The danger from open fires
Thousands of small children are maimed each year through falling into cooking fires. For example
the Burn Unit of the Red Cross War Memorial Children’s Hospital, Cape Town, South Africa
admits almost 1000 patients a year, ranging from newborn babies to 13-year-old children
(Children’s Hospital Trust).
Violence
Wherever there is political unrest, as in Darfur and Somalia now, women are at high risk of rape
and murder when they leave their villages to forage for fuel wood. And, because of the
environmental degradation caused by this practice, they have to go ever farther to find it.
Insufficient and unsafe diet
Increasingly, the diets of people in the developing world are being adversely affected by shortages
of fuel wood. Improving food safety, through making it cheaper and easier to cook food so that it
contains less pathogens, can improve health.
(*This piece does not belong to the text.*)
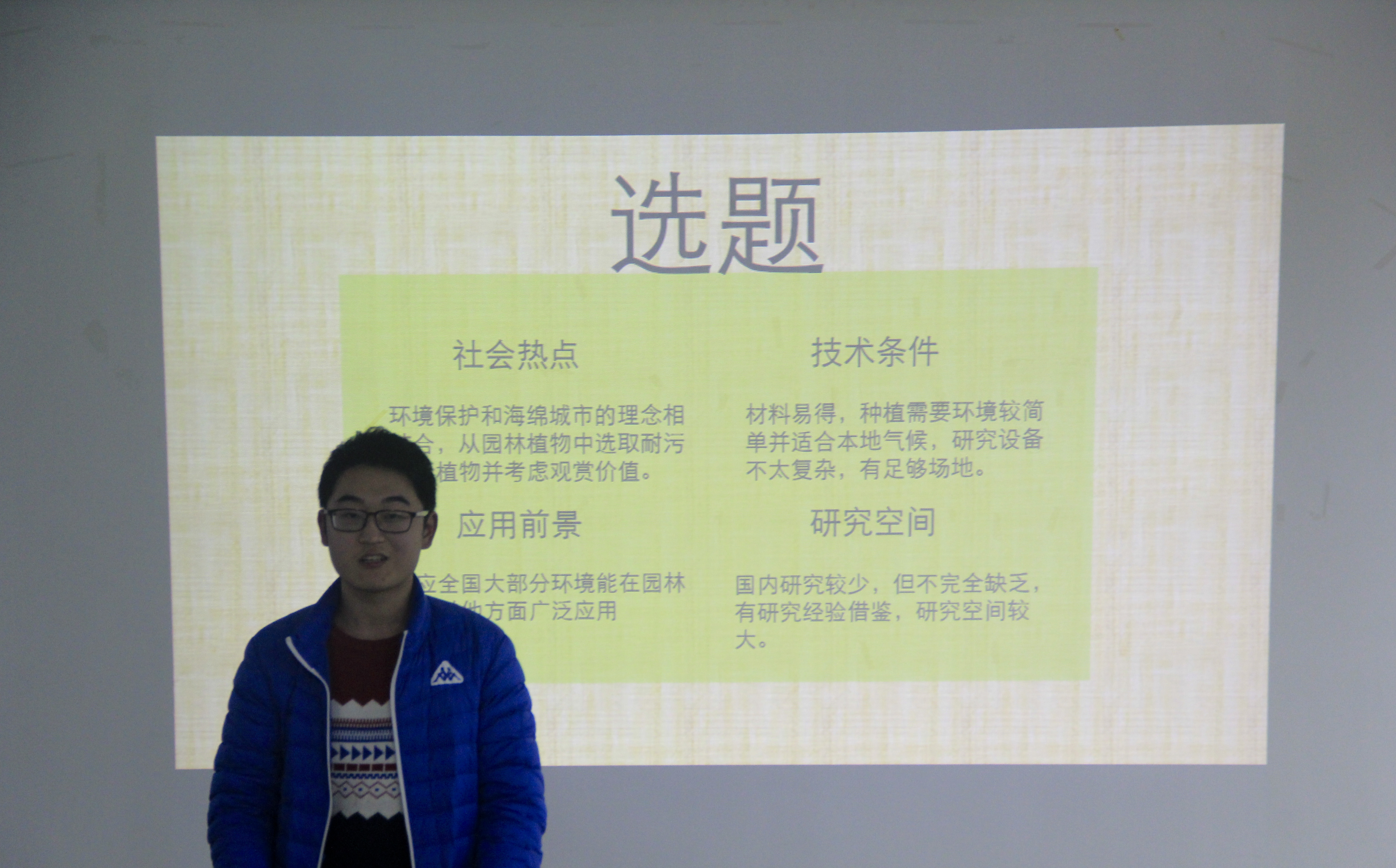 本次共收到研究生组作品《干旱胁迫下新西兰麻转录组测序及差异表达基因分析》、《盐胁迫下菊花转录组测序分析及转DgNACI基因菊花耐盐性研究》、《新优花卉独蒜兰生长开花习性和假鳞茎培育技术研究》,本科生组作品《基于形态规划理论对川盐古道街巷空间美学分析》、《天竺葵对重金属污染土地治理、利用能力研究》、《针对绘图工具的缺陷做出的便捷环保分析》、《现代物流体系下新型果蔬包装材料研究》、《遮阴条件下三种鸢尾科植物的形态及生理特征的研究》,创业组《成都会心教育有限公司》。在答辩中,评委老师对同学们的创新创业的精神表示肯定,对科研研究的认真态度表示赞赏,同时也指出作品的问题在于:自然科学类在描述科学性、先进性及独特之处时还需要提炼语言和作品的亮点,在其他类型作品里还需要指出作品的应用价值和社会价值。一个优秀的研究项目不仅需要优秀的创意,更需要对社会产生贡献。只有将经济价值和社会价值融为一体的科研项目才符合社会的发展需要。

In some places, people are forced to barter some of
their limited food supplies to obtain fuel with which to cook the rest. Reducing the cost of fuel
increases money for food.
Cultural acceptance of solar cooking
There are very large numbers of reports of uses of, and demands for, solar cookers. For example,
we have letters from village officials in Bolivia pleading for more solar cookers; similar letters from
women’s groups in Senegal; the assertions of Haitian women that they often solar cook two meals
a day; pictures of a solar restaurant in northern Chile, and so on.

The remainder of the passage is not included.